American International Group said it will delay the reporting of its third-quarter results and restate earnings going back to 2001, while estimating its recent catastrophe losses would amount to $1.6 billion.
The New York-based insurer said it plans to file its third-quarter 10-Q financial report with the Securities and Exchange Commission Nov. 14 and hold a conference call the following morning.
AIG said the delay will allow the company to incorporate "corrections to certain errors," most of which were found in previous audits.
Those audits were undertaken after New York Attorney General Eliot Spitzer began an investigation that focused on company accounting activity and led to a civil action accusing the company of fraud. AIG is currently in settlement talks with the attorney general.
AIG delayed the filing of its 2004 10-K report three times earlier this year. In that report the company restated earnings and added $850 million to its loss reserve for asbestos and environmental liabilities. The company also restated earnings going back to 2000 at that time.
In addition to its alleged involvement with brokers in bid-rigging and steering, Mr. Spitzer and the SEC have examined AIG's use of finite reinsurance, which the SEC said was used to smooth earnings at other companies by disguising a loan as an insurance transaction.
AIG said the most significant errors causing this restatement relate to the accounting of derivatives. The errors are expected to add $500 million to earnings, the company said.
Because of the correction, AIG would restate its earnings statements going back to 2002, selected financial data in 2001 and 2000. Quarterly information for 2004 and the first two quarters of 2005 would also be affected.
The carrier said it estimates adjusted net income for the third quarter will be $1.8 billion, and $8.3 billion for the nine months ending Sept. 30.
Catastrophe losses will come in at $1.6 billion after tax and net of reinsurance recoverables.
The company cautioned that the catastrophe loss estimate could change due to a number of factors stemming from the unprecedented nature of Hurricane Katrina and other uncertainties.
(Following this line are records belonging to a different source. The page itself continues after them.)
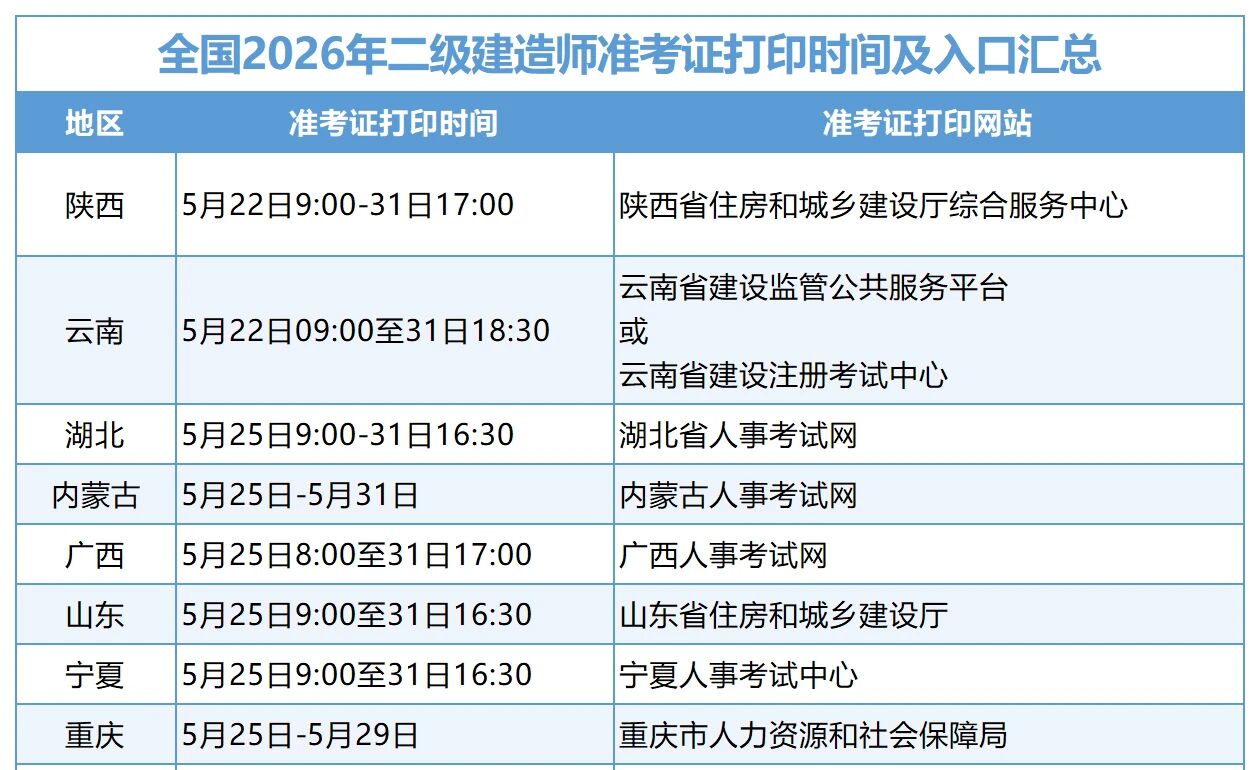 距离二建考试越来越近了,同学们在抓紧备考的同时,也需要关注一下考试动态!小万整理了各省准考证打印时间、考前注意事项,提前收藏哦~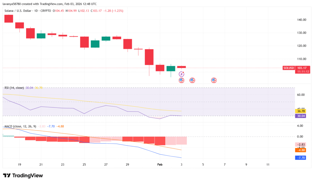 In the last 24 hours, Solana is trading near $103, down about 0.23%, and is also down nearly 17% in a weekly chart. Even the Solana’s 24-hour trading volume is down with 47.95% and stands at $4.15 billion, at the time of writing.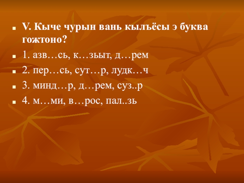 Слайд 6V. Кыче чурын вань кылъёсы э буква гожтоно?
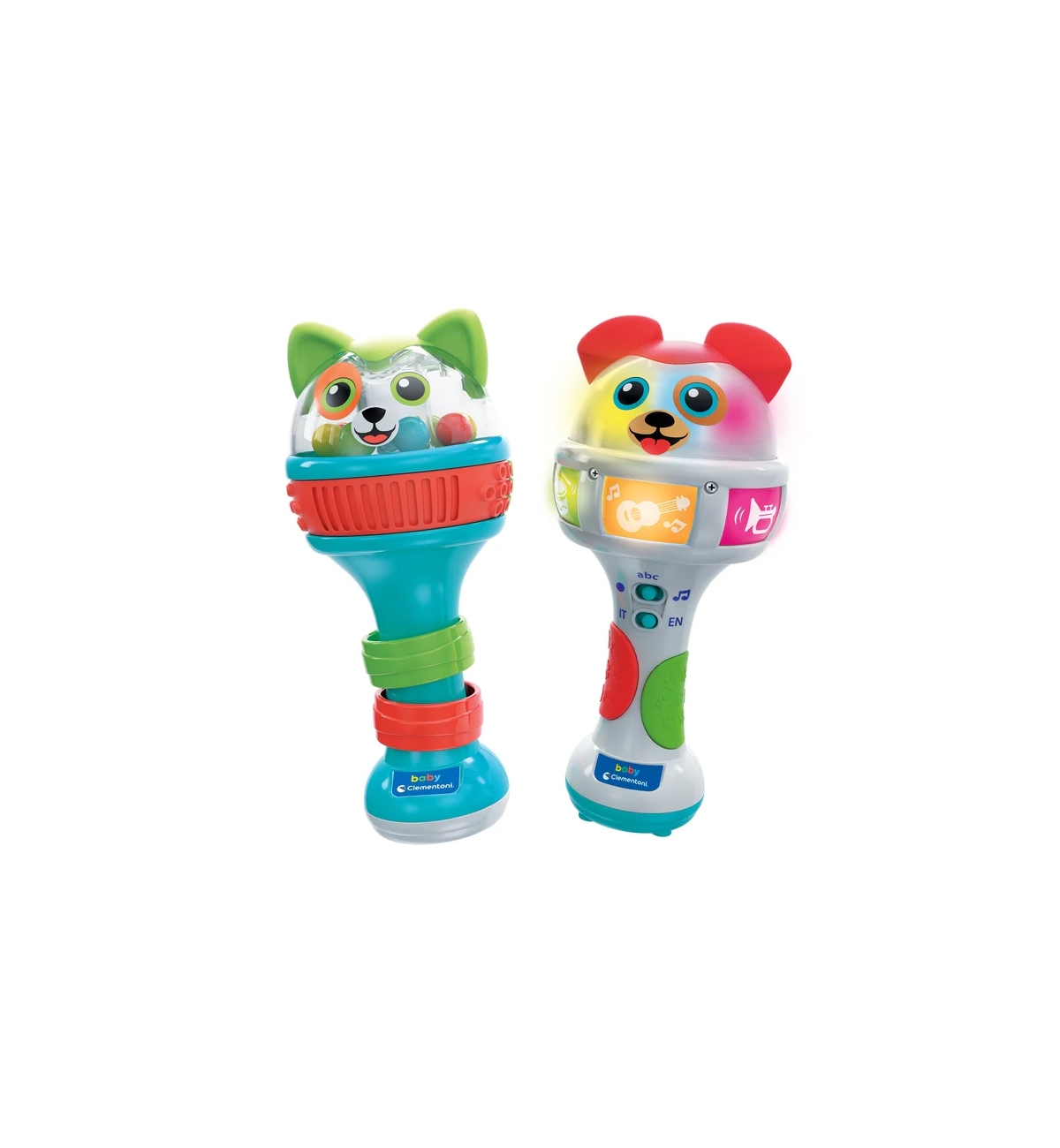 A pair of interactive maracas with two cute characters that will help you discover the name of the instruments, the colors and the first English to the rhythm of music, sounds and colored lights. By shaking the doggie maraca and pressing its keys, the child can have fun listening to and accompanying the melodies with the sound of the various instruments.

In an investor's note, William Wilt at Morgan Stanley & Co. called AIG's action "a surprise," but added that while there could be some losses in the stock price, overall the company enjoys "considerable advantages" in the market place.
Late today, Standard & Poor's said it would take no rating action against AIG over the delay. The rating agency said the carrier can easily handle the catastrophe loss and that there would be little effect on shareholder's equity on earnings as the company indicated.